- What to work on -
Restate every record word for word, without the pictures.

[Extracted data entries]
━━━━━━━━━━━━━━━━━━━━━━━━━━━━━━
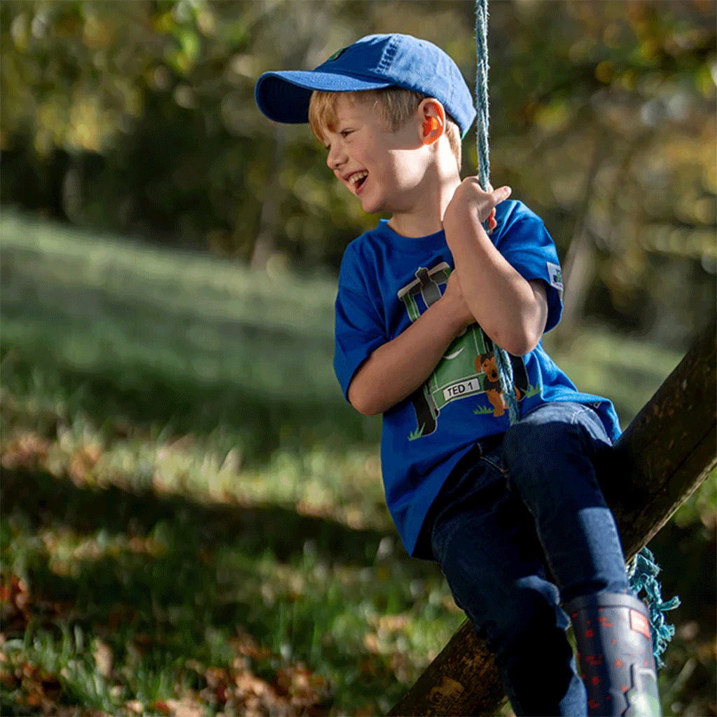 Get ready for outdoor adventures with the Tractor Ted Vintage Blue Cap, a fun and comfortable accessory for any young fan.
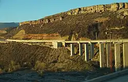 There are 17 viaducts in the area from Reps to Thirrë. The use of a hydro-powered electricity grid instead of diesel generators has helped in reducing the carbon footprint of the project. As a result, CO2 emissions have dropped by 613,000 pounds (278,000 kg) each month. The above segment as opposed to the other ones is of a higher quality both for security and construction parameters.
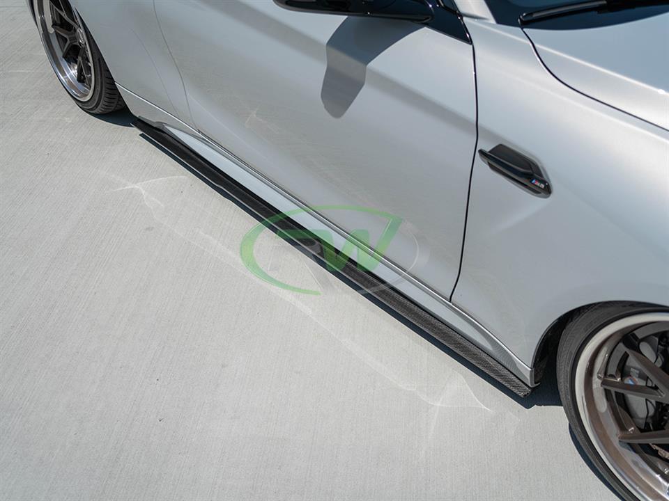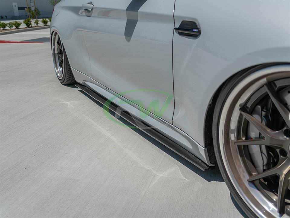 Improve the curb appeal of your BMW F87 M2 or M2 Competition with our RW Signature side skirt extensions. These side skirts are designed in-house at RW and offer a look that is unlike anything else on the market. These side skirts are right in the middle of sporty and stylish without being too aggressive that you lose ground clearance or your passengers step on them. These RWS Carbon Fiber Side Skirt Extensions are a must have addition to your BMW F87 M2 or M2 Competition to complete your RW Carbon fiber ground effects package. Our products are made from a genuine 2×2 carbon fiber weave and can be custom ordered to be 1×1 weave or forged carbon. As always, these pieces are backed by our fitment and quality guarantee to ensure you are getting a quality product. They will iinstall using self-tapping screws, which are included with purchase.
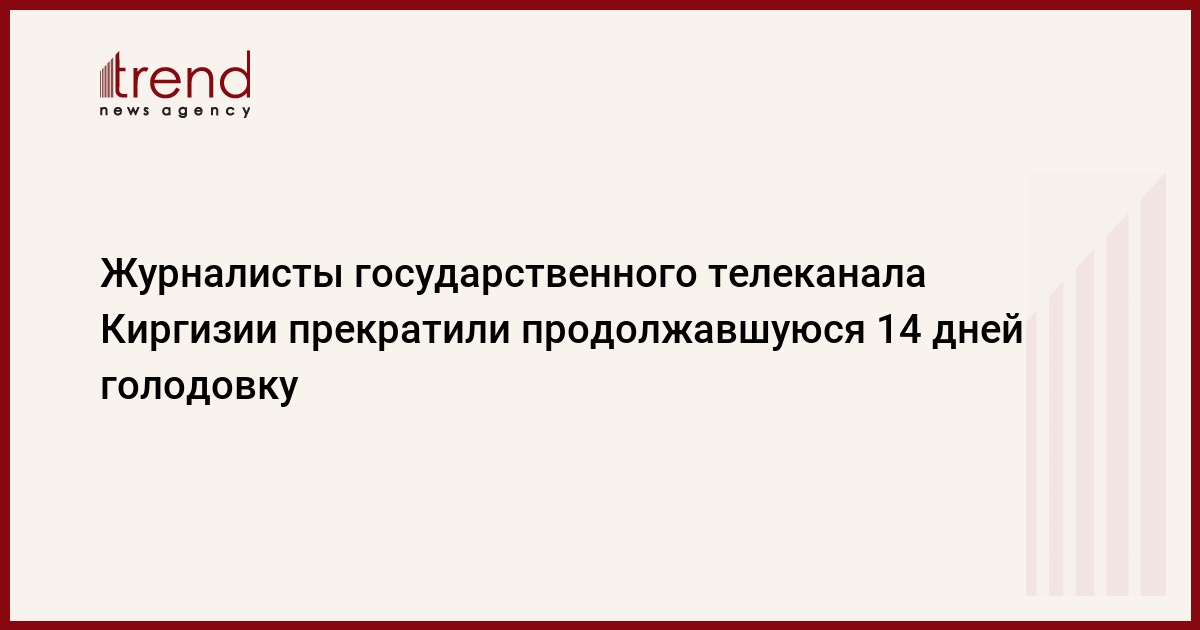 Журналисты национальной телерадиокомпании /НТРК/ Киргизии согласились сегодня прекратить продолжавшуюся 14 дней голодовку. Об этом сообщил гендиректор компании Мелис Эшимканов после переговоров с ними, передает ИТАР-ТАСС .
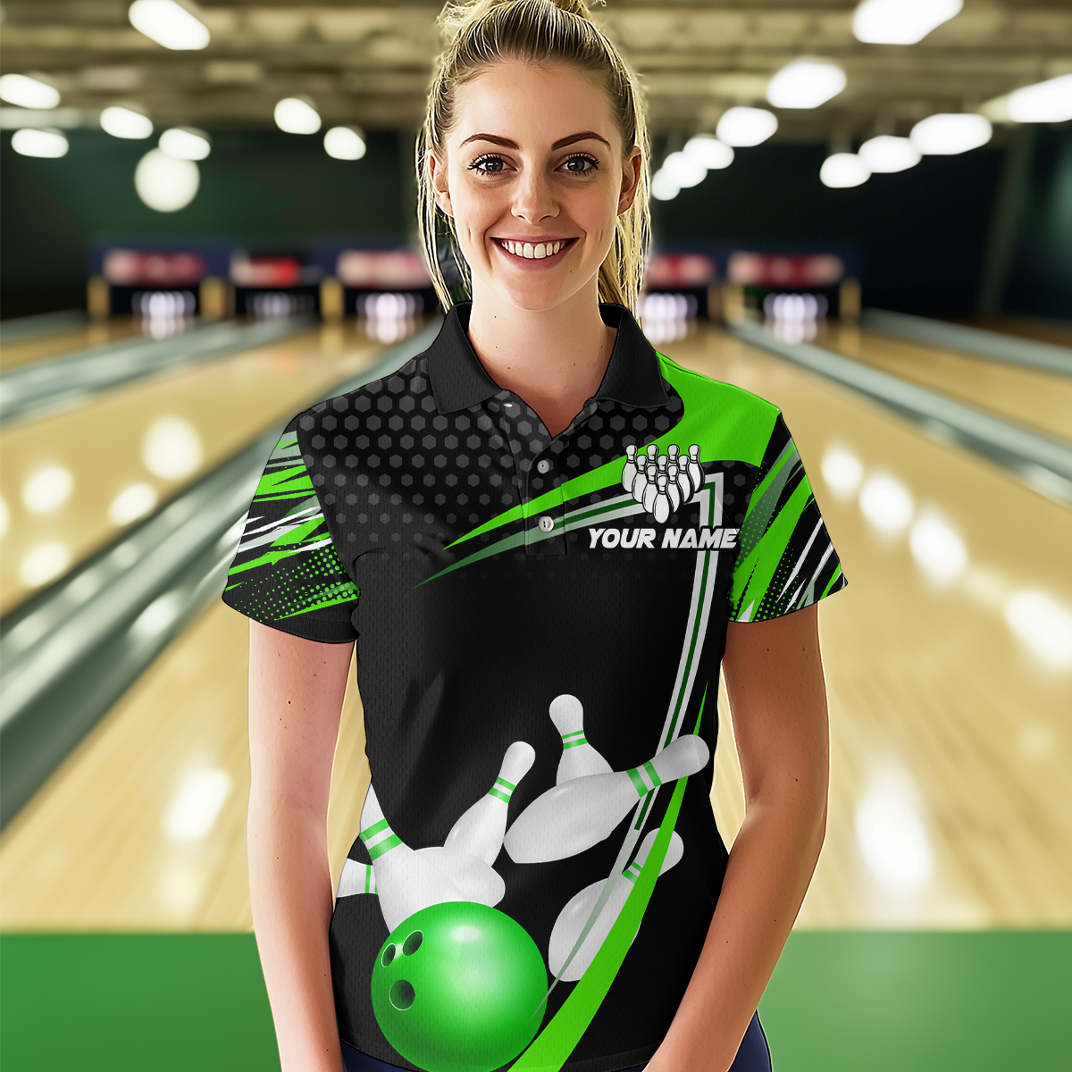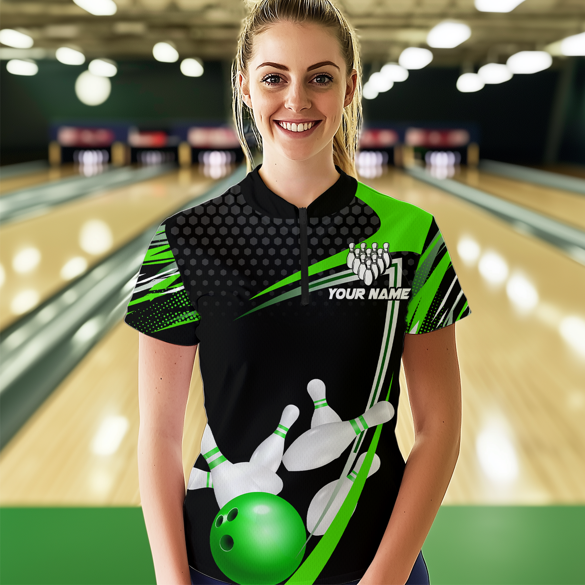 Green Bowling Shirts for Men and Women Bowling Shirt Team Bowling Polo & 1/4 Zip Shirt MBL36
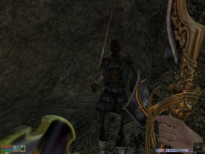 Here's a member of the Dark Brotherhood. I've foughten a lot of these guys so far. I think they're a main part of the quest, or at least in the beginning they are.
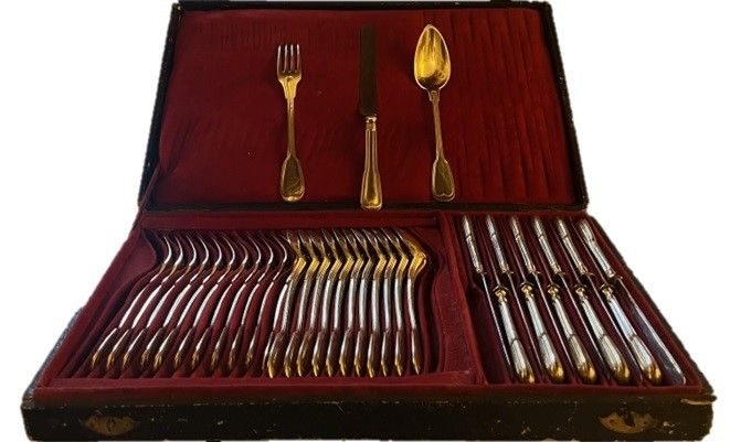 Servito di posate da dessert in argento dorato cesellate con pannelli cuoriformi composto da 12 forchette, 12 cucchiai e 12 coltelli, sec.XIX, entro astuccio in cuoio e metallo coevo, cm 6x40x25
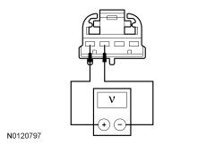 - Measure the voltage between paddle shifter switch C2428-1 circuit CET43 (GY) and C2428-2 circuit RE407 (YE/VT) harness side.
━━━━━━━━━━━━━━━━━━━━━━━━━━━━━━
- Written solution -
 Get ready for outdoor adventures with the Tractor Ted Vintage Blue Cap, a fun and comfortable accessory for any young fan.
 There are 17 viaducts in the area from Reps to Thirrë. The use of a hydro-powered electricity grid instead of diesel generators has helped in reducing the carbon footprint of the project. As a result, CO2 emissions have dropped by 613,000 pounds (278,000 kg) each month. The above segment as opposed to the other ones is of a higher quality both for security and construction parameters.
 Improve the curb appeal of your BMW F87 M2 or M2 Competition with our RW Signature side skirt extensions. These side skirts are designed in-house at RW and offer a look that is unlike anything else on the market. These side skirts are right in the middle of sporty and stylish without being too aggressive that you lose ground clearance or your passengers step on them. These RWS Carbon Fiber Side Skirt Extensions are a must have addition to your BMW F87 M2 or M2 Competition to complete your RW Carbon fiber ground effects package. Our products are made from a genuine 2×2 carbon fiber weave and can be custom ordered to be 1×1 weave or forged carbon. As always, these pieces are backed by our fitment and quality guarantee to ensure you are getting a quality product. They will iinstall using self-tapping screws, which are included with purchase.
 Журналисты национальной телерадиокомпании /НТРК/ Киргизии согласились сегодня прекратить продолжавшуюся 14 дней голодовку. Об этом сообщил гендиректор компании Мелис Эшимканов после переговоров с ними, передает ИТАР-ТАСС .
 Green Bowling Shirts for Men and Women Bowling Shirt Team Bowling Polo & 1/4 Zip Shirt MBL36
 Here's a member of the Dark Brotherhood. I've foughten a lot of these guys so far. I think they're a main part of the quest, or at least in the beginning they are.
 Servito di posate da dessert in argento dorato cesellate con pannelli cuoriformi composto da 12 forchette, 12 cucchiai e 12 coltelli, sec.XIX, entro astuccio in cuoio e metallo coevo, cm 6x40x25
 - Measure the voltage between paddle shifter switch C2428-1 circuit CET43 (GY) and C2428-2 circuit RE407 (YE/VT) harness side.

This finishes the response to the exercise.